N.B. the DBus type of the messages, both inward- and outward-bound, is (aaya{sv}), a struct formed of an array of arrays of bytes followed by a dictionary mapping strings to variants (an array of string–variant dictionary items). This corresponds to the somewhat more expressive Haskell type:

data HiveMessage = HiveMessage {
messages :: [Network.FastIRC.Message],
Data.Text.Text
DBus.Types.Variant
}


The Messages must be expressed as ByteStrings (or aays) since we don't know their encodings. Dictionary keys (and values where applicable), however, must be valid UTF-8; when using the Haskell library, Data.Text and the Variable instance for HiveMessage should take care of this automatically. We send multiple IRC messages in one Hive message so that the sender can ensure they are processed together, rather than risking the possibility that they will be interwoven with something else's output.

This gives rise to the following protocols for the plugins:

• Responders listen for their parents' signals, extract the necessary information, and then send the reply (if any) back to their parent via the out method.

• Automata simply send messages to the parent's out method when appropriate.

• Filters listen for a message from the appropriate source and send the modified message in the opposite direction: in→out for input filters, out→in for output filters.

• Aggregators are more complicated, and consist of two parts: the aggregator itself, and a reflector. A reflector is a simple filter that sits near the front of the tree and performs two functions:

• when passing any message through, it will tag it with a "reflector" metadatum containing its bus name; components further down the tree may send messages to the in method on this address to have them passed inwards as if they came from a parent of the reflector.

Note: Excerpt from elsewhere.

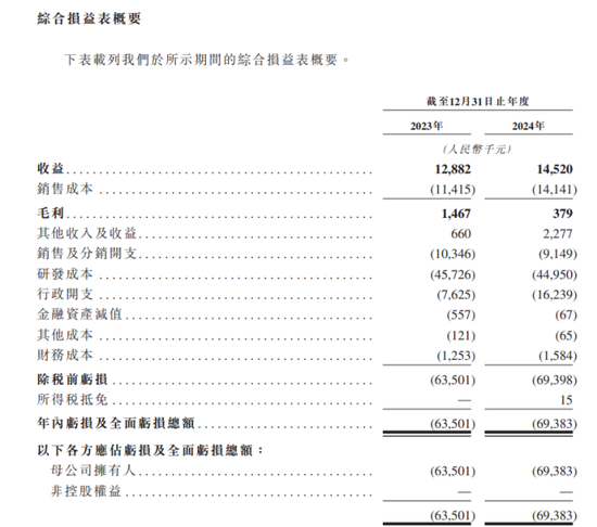 而造血能力的缺失让局面雪上加霜:2023-2024年,公司营收仅从1288.2万元增至1452万元,这点营收体量对于债务和应付款项可以说是杯水车薪,所以这两年净利润分别亏损6350.1万元和6938.3万元,相当于 2024年每实现1元收入就要承担4.78元亏损。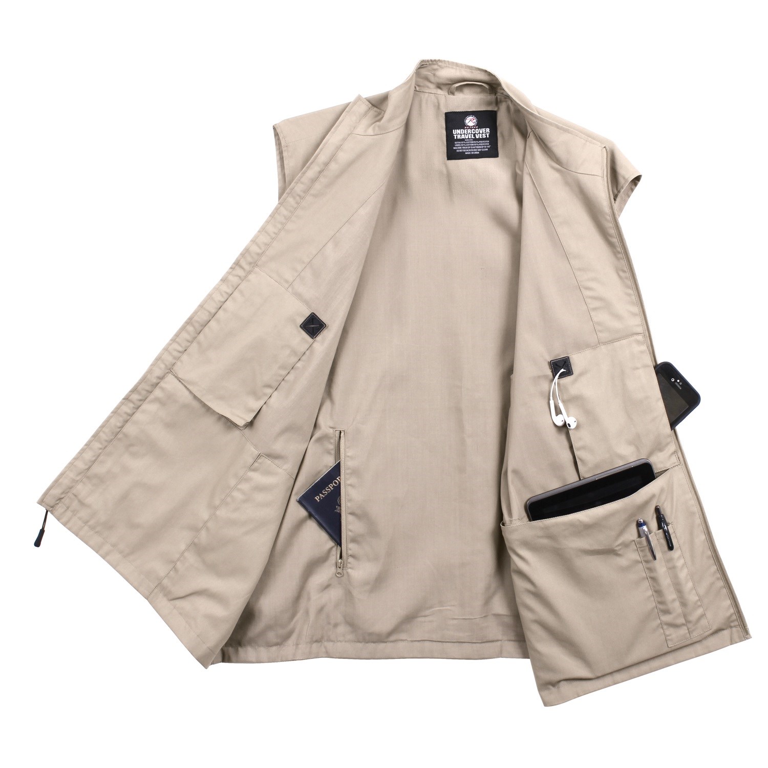 Gilet con numerose tasche discrete per riporre oggetti, piccoli dispositivi elettronici, documenti personali, ecc. Chiusura con cerniera. Materiale esterno: 55% cotone, 45% poliestere; interno: 65% poliestere, 35% cotone. Ulteriori informazioni

• on receiving a message via its out method with a "target" value in its metadata, the reflector sends it back to the component whose bus name is contained within instead of forwarding it on, via the component's out method.

The aggregator works by listening for the appropriate command, like a responder. When it encounters it, the aggregator crafts the messages it requires to build its response, tags them with a unique ID and its own bus name as the "target", and sends them to the in method of the reflector named on the command. This reflector will pass the messages down the chain individually as normal, and, when they reach the reflector again, they will be outward-bound, so the reflector will return them back to the original aggregator, which will use the unique IDs to combine the results and perform its final action.

Code and possibly diagrams are forthcoming.